I wore a bra kind of like this on my date with Derik LaPointe last year. Derik was this guy my mother fixed me up with, the son of some friend of hers. And while I never meant for him to see it, I kind of knew he would. And then he did.
My date with Robby will be different.
I manage to get the dress on, despite my fumbling fingers at the back zipper, make my way over to the mirror, and take a peek. And suddenly—even though I’ve come this far, or maybe because I’ve come this far—I feel sick. Like I can’t possibly go through with it.
I yank the hot rollers from my hair and flop back onto the bed, pull the covers up to my middle. I think back to how this whole thing started, with just one innocent letter.
But then there were more letters. Five and a half years’ worth. Five and a half years of him constantly asking me for my phone number. Me, forever ignoring the question. Both of us feeding into each other’s idea of fantasy and sharing our deepest secrets—how we’d meet when he got out; all of our plans for when and where; how my father lives in Santa Cruz, and isn’t that so close?
And I never really intended any of it. Mostly.
It’s almost ten. A lump forms in my chest. I swallow to try and dissolve it, but it feels like it’s only getting bigger.
What if I’m not what he expects? Or … what if I’m exactly what he expects? I know he says he loves me, but will he love me in person? And could he possibly love me as much as Melanie?
I move over to the dresser and take out the last ingredient of my outfit, the last stitch I’ve promised to wear.
Even more important than the bra, the panties are pink and silk and two sizes too small. They’re the bikini kind that dip low in the front and have accordion-like straps on the sides. I wouldn’t normally buy a pair like this, especially because they cost nineteen dollars and give me permanent wedge, but they’re the kind he wanted. I just hope the color’s right—that the pink is pale enough, but not too light. That he doesn’t tear them the way Derik did.

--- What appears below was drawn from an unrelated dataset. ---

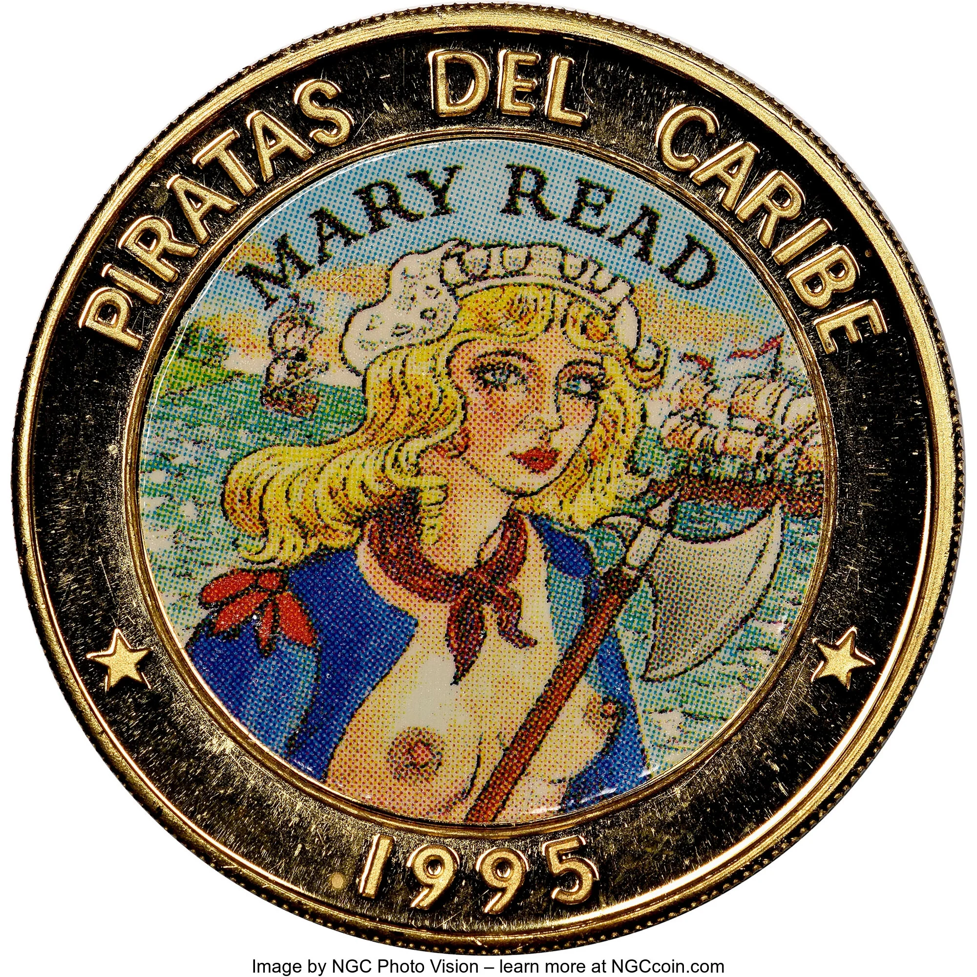 Mary Read, colorized. Series name above, issue date below.

I haven’t told anyone about Robby, even though sometimes it’s practically killed me. Like when I came up with the idea for our Tuesday night smell-m
y-perfume-and-we’ll-think-of-each-other date. I so wanted to tell Nicole. It just seemed like the romantic kind of thing she’d have thought up. Or when I needed advice about whether or not I should even come to California.
But keeping him a secret, all mine, where no one else can touch or ruin him for me, makes it better. More romantic.

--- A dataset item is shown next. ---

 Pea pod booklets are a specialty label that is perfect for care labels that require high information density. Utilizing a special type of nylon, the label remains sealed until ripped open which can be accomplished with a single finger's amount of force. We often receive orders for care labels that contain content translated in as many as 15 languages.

Plus, I can just imagine what Nicole would say about me pen-paling with a convicted murderer. She just wouldn’t understand. No one would understand. I even say the words aloud to myself sometimes, only to find that it sounds different in the air, out my mouth, so far from my heart.

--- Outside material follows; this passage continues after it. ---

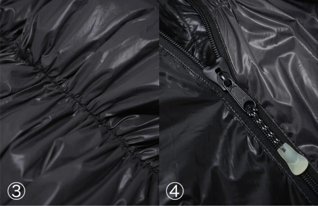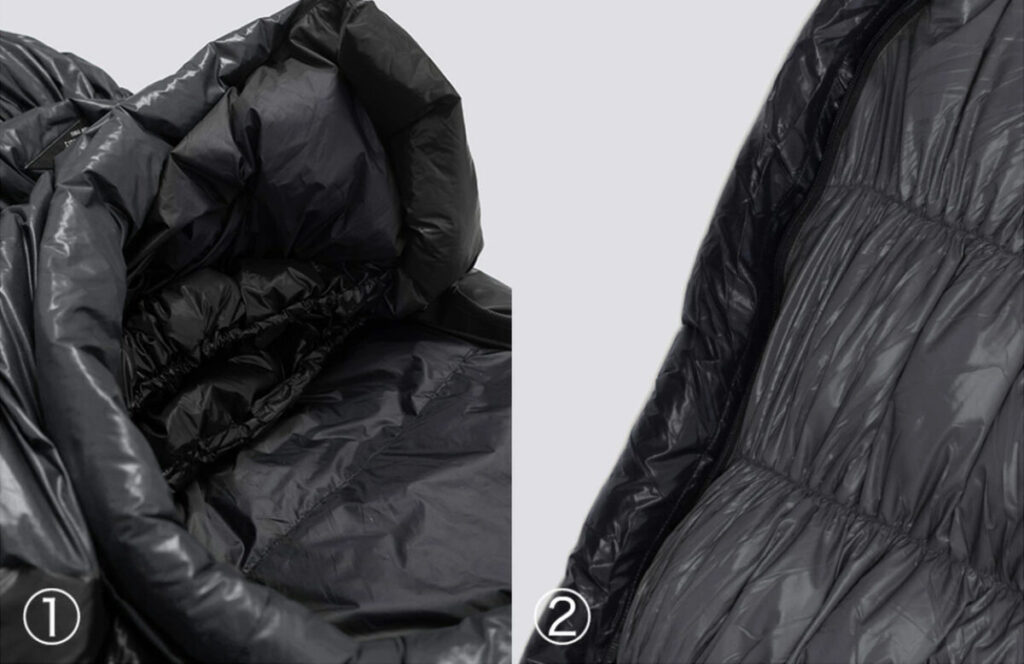 1、2.冷気の侵入を防ぐ首回りとジッパー内側のドラフトチューブ

I unpin the price tag and slip the panties on. The seams cut into my cheeks and thighs, as do the accordion straps at my hips. I wonder if maybe Melanie might have had a pair just like them; if she was ever scared of Robby, or just drawn to his excitement. Or maybe it was a little of both.
I try to imagine what she was thinking that day, her fifteenth birthday, just after the family party, when he suggested they take a walk up that dirt path behind the school to talk. If she played the whole breakup speech over in her head before she actually said it.
If she even saw the rock coming.
Standing at the mirror, I try to concentrate on my face, on putting on my makeup. My lipstick—Fuzzy Peach #9. But there are other faces I can’t seem to blot out of my mind. Faces of the jury when the lawyers showed the rock, still stained with Melanie’s blood. When the pictures of her head were flipped in front of them. This one woman, sitting to the right. Her cheeks, bubbling up and then exploding into a thousand puffs, like she couldn’t breathe, like she was going to pass out.
There are hives dotted across my chest like navigational points. I need to breathe, to relax. Robby would never hurt me. He served his time. He paid for his mistakes. Plus, it was an accident. I’ve thought so all along. An accident. I remind myself of these things all the way down the stairs and into the kitchen for breakfast. Only, I can’t possibly eat.